Note that a microcomputer may be used as the detector in the above embodiment. Further, the detection signal may be of any type as long as it can specify the driving conditions.

(Configuration of the present invention) The configuration of the present invention includes a pump connected to a prime mover, a flow control valve connected to the pump, and a control valve connected to the flow control valve and controlling the direction of flow into the power cylinder. In a power steering device equipped with a solenoid valve for guiding pressure to a reaction force chamber of the control valve, an output device that operates according to a signal detected by a detector is connected to each of the above-mentioned prime mover and flow control valve. However, when the engine is stopped or at very low speed, the rotation speed of the engine is slightly increased by the action of the output device connected to the engine, and the flow rate characteristics of the flow rate control valve are controlled by the operation of the output device according to the running conditions. Along with adjusting
The above detector and solenoid valve are connected, and the solenoid valve is controlled by the output signal from the detector, and the pressure in the reaction force chamber of the control valve is adjusted. When the speed exceeds the set speed, the power steering status is determined. The feature is that the steering mode can be switched from to manual steering.

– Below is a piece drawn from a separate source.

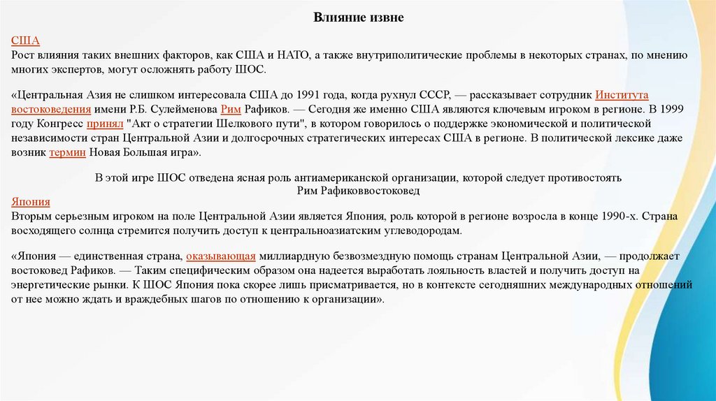 востоковедения имени Р.Б. Сулейменова Рим Рафиков. — Сегодня же именно США являются ключевым игроком в регионе. В 1999

(Effects of the present invention) Therefore, according to the present invention, the rotational speed of the prime mover and the flow rate control valve can be improved! By controlling the volume characteristics and the pressure in the reaction force chamber of the control valve, it is possible to perform control that adapts to all driving conditions.

[Brief explanation of the drawing]

The drawings show an embodiment of the present invention. Fig. 1 is a circuit diagram, Fig. 2 is a graph showing the correlation between steering torque and the power cylinder, and Fig. 3 is a graph showing the correlation between the rotational speed of the prime mover and the power cylinder. A graph showing the correlation between the supply flow rate and FIG. 4 is a graph showing the correlation between the supply flow rate to the power cylinder and the vehicle speed. M...Motor, Pψ...Pump, F-...Flow control valve, C...Control valve, 1.2◆-Medium output device, D...O detector, 7.8...Reverse Force chamber, V--・Solenoid valve. Representative Patent Attorney Nobuyuki Shima Figure 1 Figure 2 Figure 3

Claims (1)

[Claims] A pump connected to the prime mover, a flow control valve connected to this pump, a control valve connected to this flow control valve and controlling the direction of flow into the power cylinder, and leading pressure to the reaction chamber of this control valve. In a power steering device equipped with a solenoid valve, an output device that operates according to a signal detected by a detector is connected to each of the above-mentioned prime mover and flow control valve, and is connected to the above-mentioned prime mover when stopped or at extremely low speed. The rotation speed of this prime mover is slightly increased by the action of the output device, and the flow characteristics of the flow rate control valve are adjusted according to the running conditions by the operation of the two-part output device. The solenoid valve is controlled by the output signal from the detector, and the pressure in the reaction force chamber of the control valve is adjusted. When the speed exceeds the set speed, the power steering state changes to the manual steering state. Switchable power steering device.